在本文中，我们提倡这样一种想法，即具有近90年历史的两个看似无关的谜团-暗物质的性质和百万度太阳日冕-可能只是同一枚硬币的两个侧面-暗物质的轴心诞生于太阳的核心和起源于轴的光子在百万度的日冕中，其调制度由太阳内部不对称暗物质（ADM）密度的反相关调制控制。

结果表明，在几乎空的磁通管（带有 $乙〜\mathrm{1个}{0}^{7}G$）靠近Tachocline，然后穿过光球到达电晕，这是太阳电晕加热变化以及太阳光度变化的结果。由于轴心起源的入射光子的光谱是通过横截面的频率依赖性进行调制的，因此，首先，所发射轴的能量分布远非黑体光谱，其次，对于典型的太阳光谱，差动轴通量的最大值出现在平均轴力为$〈{Ë}_{\mathrm{一种}}∕Ť〉\approx 4。

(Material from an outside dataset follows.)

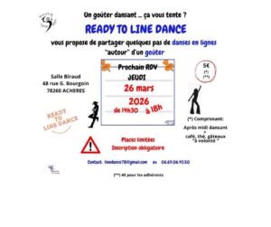 Le Jeudi 26 Mars 2026, Après Midi Country Dance des *Ready To Line Dance*, de 14h30 à 18h00, Salle Biraud, 68 rue G.Bourgoin, à Acheres (78260), Yvelines.

4$（Raffelt，1986）。这意味着，轴突起源的光子的平均能量可以产生大约${Ť}_{\mathrm{一种}}〜\mathrm{1个}。11\cdot \mathrm{1个}{0}^7\mathrm{ķ}$ 在一定的冠状物质条件下，接近温度 ${Ť}_{CØ\mathrm{[R}Ë}〜\mathrm{1个}。55\cdot \mathrm{1个}{0}^7\mathrm{ķ}$太阳核心。结果，轴的光子在磁场中由于多次康普顿散射而通过退化的光谱积累的自由能迅速释放，并转化为热量和等离子运动，温度为。$〜4\cdot \mathrm{1个}{0}^6\mathrm{ķ}$ 最多和 $〜\mathrm{1个}。5\cdot \mathrm{1个}{0}^6\mathrm{ķ}$ 最低的太阳光度。

由于轴突起源的光子是太阳光度变化的结果，因此，与自激发电机不同的是，出现了一个出乎意料但简单的问题：太阳核深处是否存在暗物质天文钟？

我们模型的独特结果是，S星的周期，速度和调制是银河系中心基本平面中ADM光晕密度调制的基本指标，这与银河系中心的密度调制密切相关。 SMBH附近的重子物质。如果GC上ADM晕的调制导致太阳表面上ADM密度的调制（通过从磁盘到太阳附近的垂直密度波），则指示器之间存在“实验”反相关身份，例如，太阳能内部的ADM密度和黑子数的调制。因此，对于太阳内部的ADM密度的调制也是如此，这直接与S星周期和太阳黑子周期的相同周期有关。